Una noche de agosto me convenció para que lo acompañara a pescar. A la luz deslumbrante de una luna casi llena había poca probabilidad de pescar nada. Pero insistió diciendo que en el mar encontraríamos algún alivio para el calor. En efecto, no encontramos otra cosa. Tras un solo intento, no volvimos a cebar siquiera los anzuelos y dejamos los sedales colgando de la barquita, que Luciano dirigió hacia alta mar. Cierto es que los rayos de la luna llegaban hasta el fondo del mar, con lo que permitían a los peces grandes afinar la vista y advertir la insidia y también a los pequeños capaces de roer el cebo, pero no de llegar con la boquita al anzuelo. Nuestros cebos no eran sino regalos para los pececillos.

Guido se tumbó a popa y yo a proa. Poco después murmuró:

—¡Qué tristeza toda esta luz!

Probablemente lo dijera porque la luz le impedía dormir y yo asentí para complacerlo y también para no turbar concuna discusión tonta la solemne quietud en que nos movíamos lentamente. Pero Luciano protestó diciendo que a él aquella luz le gustaba muchísimo. En vista de que Guido no respondía, quise hacerle callar diciéndole que la luz era sin duda algo triste, porque se veían las cosas de este mundo. Y, además, impedía la pesca. Luciano se rió y calló.

Permanecimos en silencio largo rato. Yo bostecé varias veces mirando a la luna. Lamentaba haberme dejado convencer de subir a aquella barquita.

De improviso Guido me preguntó:

—Tú que eres químico, ¿sabrías decirme si es más eficaz el veronal puro o el veronal al sodio?

La verdad es que yo no sabía siquiera que existiese un veronal al sodio. No se puede pretender, ni mucho menos, que un químico sepa todo de memoria. Yo de química sé lo suficiente como para poder encontrar al instante en mis libros cualquier información y además, poder hablar —como se vio en aquel caso— hasta de las cosas que ignoro.

¿Al sodio? Pero si todo el mundo sabía que las combinaciones al sodio eran las que se asimilaban con mayor facilidad. Más aún, a propósito del sodio recordé —y reproduje con mayor o menor exactitud— un himno a ese elemento entonado por un profesor mío en la única clase suya a la que había yo asistido. El sodio era un vehículo sobre el que se montaban los elementos para moverse con mayor rapidez. Y el profesor había recordado que el cloruro de sodio pasaba de organismo a organismo y que iba acumulándose por efecto exclusivo de la gravedad en el agujero más profundo de la tierra, el mar.
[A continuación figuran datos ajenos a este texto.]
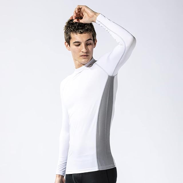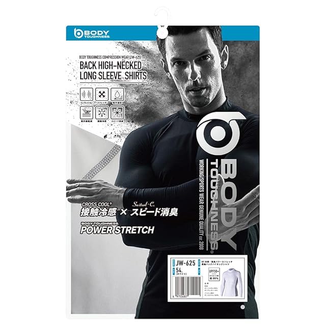 商品名:[おたふく手袋] 夏用インナー 長袖 ハイネック [接触冷感 吸汗速乾 消臭 コンプレッション UVカット メンズ] JW-625 ホワイト LL 【3枚セット】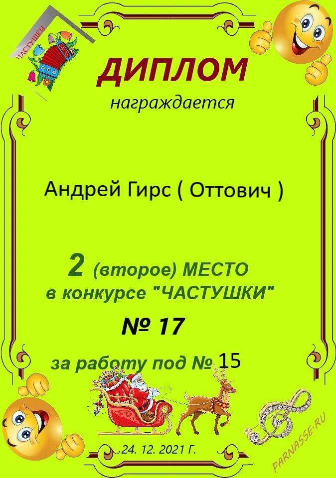 2 место в конкурсе "ЧАСТУШКИ" 17, за работу под № 15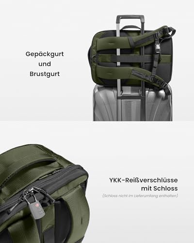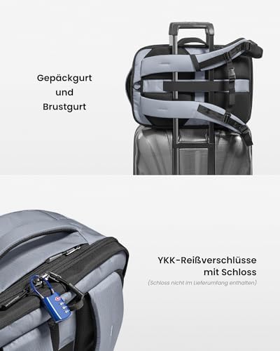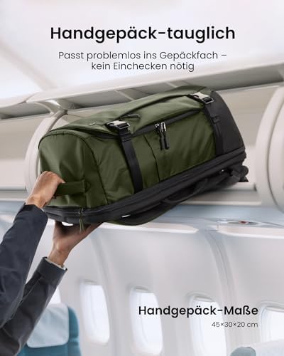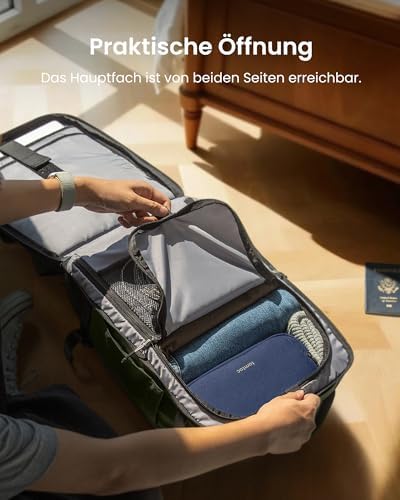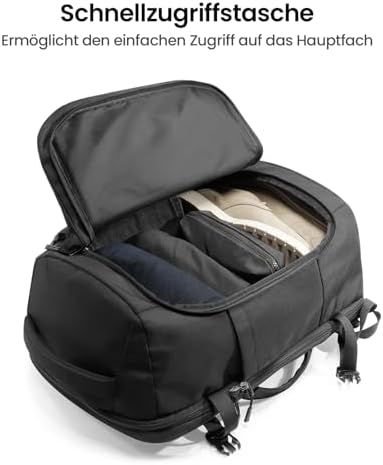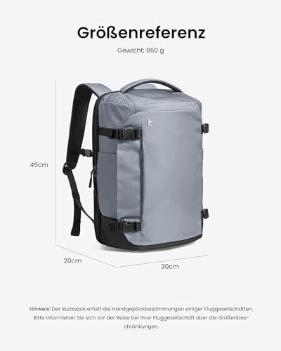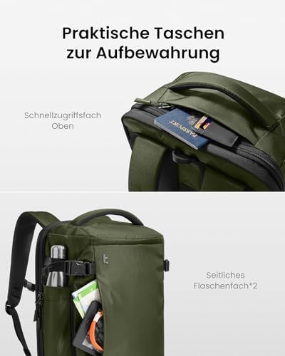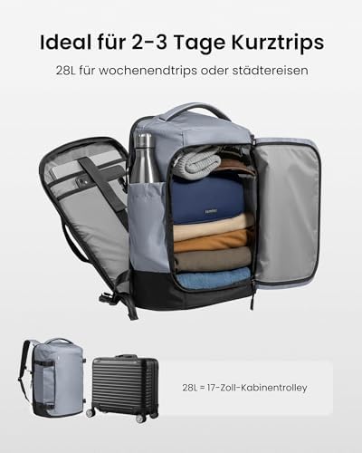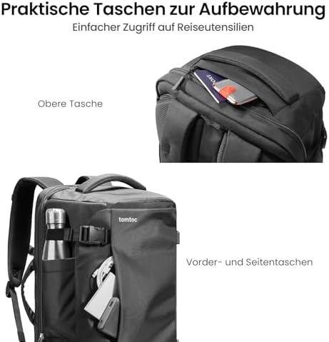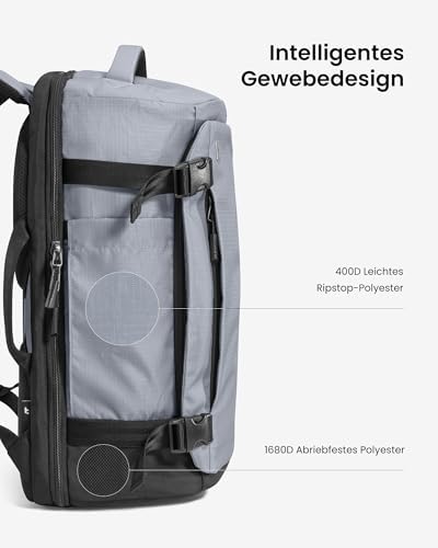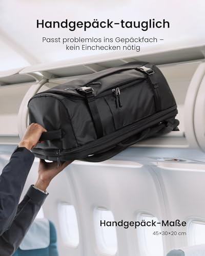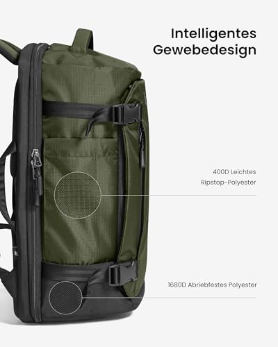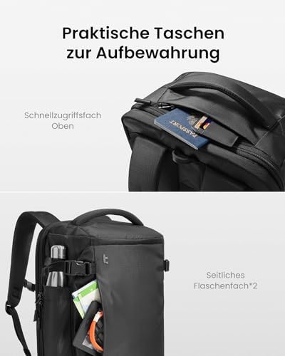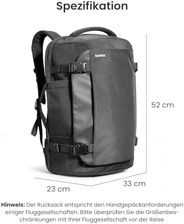 Der tomtoc Grande Traveller-Handgepäck-Rucksack bietet alles, was Sie zum Traumreisen brauchen: Platz, Komfort und umweltfreundliche Qualität.

No sé si reproduje con exactitud el pensamiento de mi profesor, pero en aquel momento, ante aquella enorme extensión de cloruro de sodio, hablé del sodio con un respeto infinito.

Tras una vacilación, Guido me preguntó también:

—Así, pues, ¿quién quiera matarse debe tomar veronal al sodio?

—Sí —respondí.

Después, recordando que hay casos en que se puede querer simular un suicidio y sin advertir al instante que estaba rememorando a Guido un episodio desagradable de su vida, añadí:

—Y quien no quiera morir debe tomar veronal puro.

Los estudios de Guido sobre el veronal habrían podido darme que pensar. Sin embargo, no comprendí nada, preocupado como estaba por el sodio. Los días siguientes estuve en condiciones de aportar a Guido nuevas pruebas de las cualidades que yo había atribuido al sodio: también para acelerar las mezclas, que no son sino abrazos intensos entre dos cuerpos, abrazos que sustituyen a la combinación o la asimilación, se añadía sodio al mercurio. Éste era el intermedio entre el oro y el mercurio. Pero a Guido ya no le importaba el veronal, y yo ahora pienso que en cualquier momento las cosas debían de irle mejor en la Bolsa.